Tutorial

What files do I need to provide?

You will need to upload 2 files to run a PEBBA analysis: a DEG file and a GMT file. For your convenience we make available 2 common GMT files, so you actually only need to provide a GMT file if you would like to use your own custom file. Attention: if the genes described in your DEG file are not present in the GMT file or if you pick the wrong column the analysis won't work!

Parameter choice

There are 3 obligatory parameters that PEBBA needs in order to correctly read your DEG file, these are the column names for the genes ID column (which will be matched agaisnt the GMT file), the log_2 FC column and the P-value column.

If you desire to personalize your PEBBA analysis you may configure 4 additional parameters:

  • Min and max genes: These 2 parameters control the range of the analysis. PEBBA will start by creating a ranking of the calculated pi-values and running the ORA analysis with the top "min genes", this will be used to generate one line of the final heatmap. Then, PEBBA will repeat this process again and again by including 50 genes to the analysis until it reaches the "max genes" size
  • Bar graphs significance threshold: This parameter is a threshold used in the creation of the barplots, each bar is a count for the number of times the ORA analysis reached a significance value higher than the threshold for a given row (ranking size) or column (pathway).
  • Minimum significance score: It is not uncommon to perform a meta-analysis such as the one done in PEBBA and arive in many insignificant results.
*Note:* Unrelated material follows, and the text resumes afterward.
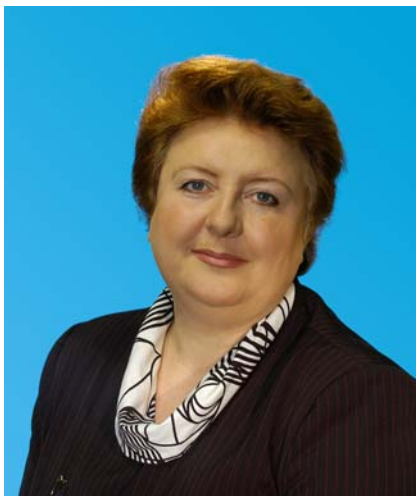
Депутат Тюменской областной Думы по избирательному округу № 13 город Тюмень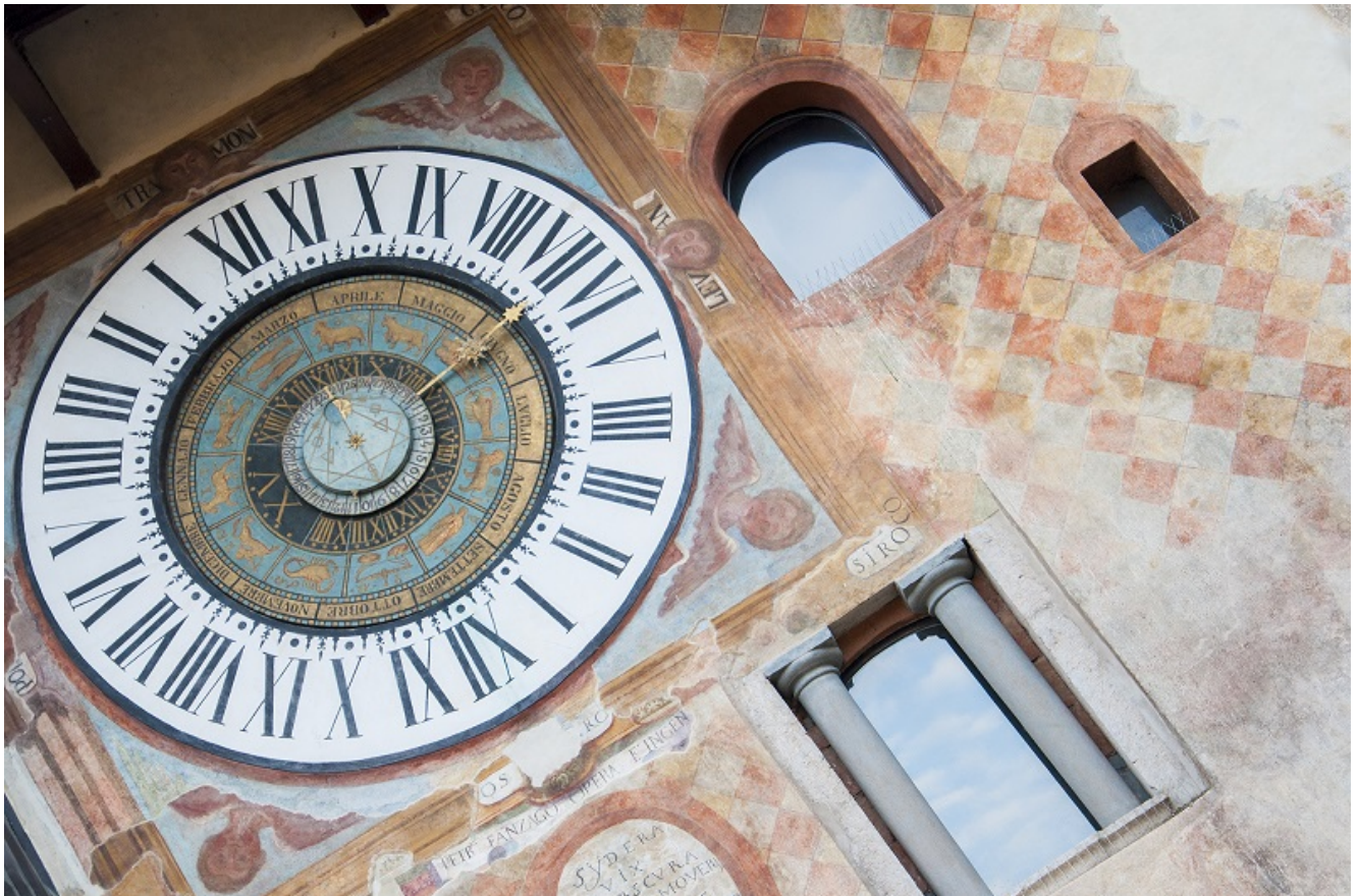
L'Oratorio dei Disciplini, edificio medioevale del XIV secolo con i suoi affreschi unici: il ciclo dedicato alla Morte è il più completo

To better visualize the results, pathways that have near 0 significance values in all rows are cut from the heatmap to increase clarity and interpretability (these results are not excluded from the csv file, only from the html heatmap file). This parameter is provided for users that would like to increase or decrease this threshold.

Interpreting the results

The raw results of the PEBBA analysis are provided as a simple csv file, alongside it we provide 3 html files with plots of this data. The 3 html files represent "up" (ranking by increase of gene expression), "down" (ranking by decrease of gene expression) and "any" (ranking by magnitude of change in gene expression, be it increase or decrease).
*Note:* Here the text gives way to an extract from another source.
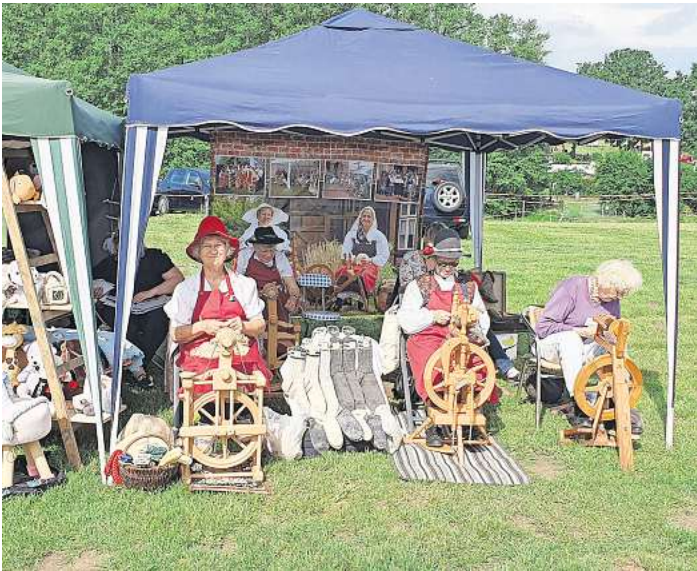
Am 18. Mai findet auf dem Bauernhof der Familie Löding das bereits 18. Spargelfest mit Kunsthandwerkermarkt statt.

BUCHHOLZ. Am Sonntag, 18. Mai, lädt Familie Löding zum 18. Mal zum traditionellen Spargelfest mit Kunsthandwerkermarkt auf ihren Bauernhof am Ratzeburger See ein. Von 10 bis 18 Uhr erwartet die Besucherinnen und Besucher ein vielfältiges Programm rund um den Spargel, gepaart mit regionalem Handwerk, Musik und Aktionen für die ganze Familie. Eröffnet wird das Fest um 10 Uhr mit einem Feldgottesdienst der Kirchengemeinde St. Georg auf dem Berge. Anschließend sorgen „Motion Events“ mit Live-Musik für die passende Atmosphäre. Rund 30 Kunsthandwerkerinnen und Kunsthandwerker aus der Region präsentieren ihre liebevoll gefertigten Produkte – von genähter Kinderkleidung und Dekorationsartikeln über Holzarbeiten und Schmuck bis hin zu handgefertigten Tassen, Rapskissen und Türkränzen. Auch das Lübecker Kräuteraus ist vertreten, ebenso ein professioneller Messer- und Scherenschleifer.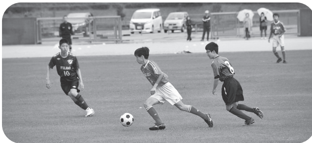
中学生のサッカー風景

○ 買い物弱者に関する調査はしておりませんが、実態については認識しています。事業団体への支援については国・県に対し要望していきます。買い物弱者対策は、地域公共交通網形成計画策定の中で検討します。

Each html file is composed of 3 interactive plots: one heatmap and two barplots. Each column of the heatmap represents a different pathway/group of genes decribed in the GMT file while each row represents the number NG of genes used in an analysis. The hue of a square represents the -log_10 p-value of the ORA analysis for a given pathway and NG value. The 2 barplots serve as a visual aid to interpret the heatmap, given a threshold value it counts how many times in a given row or column the ORA analysis score surpassed this thershold.

For more details about the inner workings of PEBBA you may refer to our paper or to its open source implentation.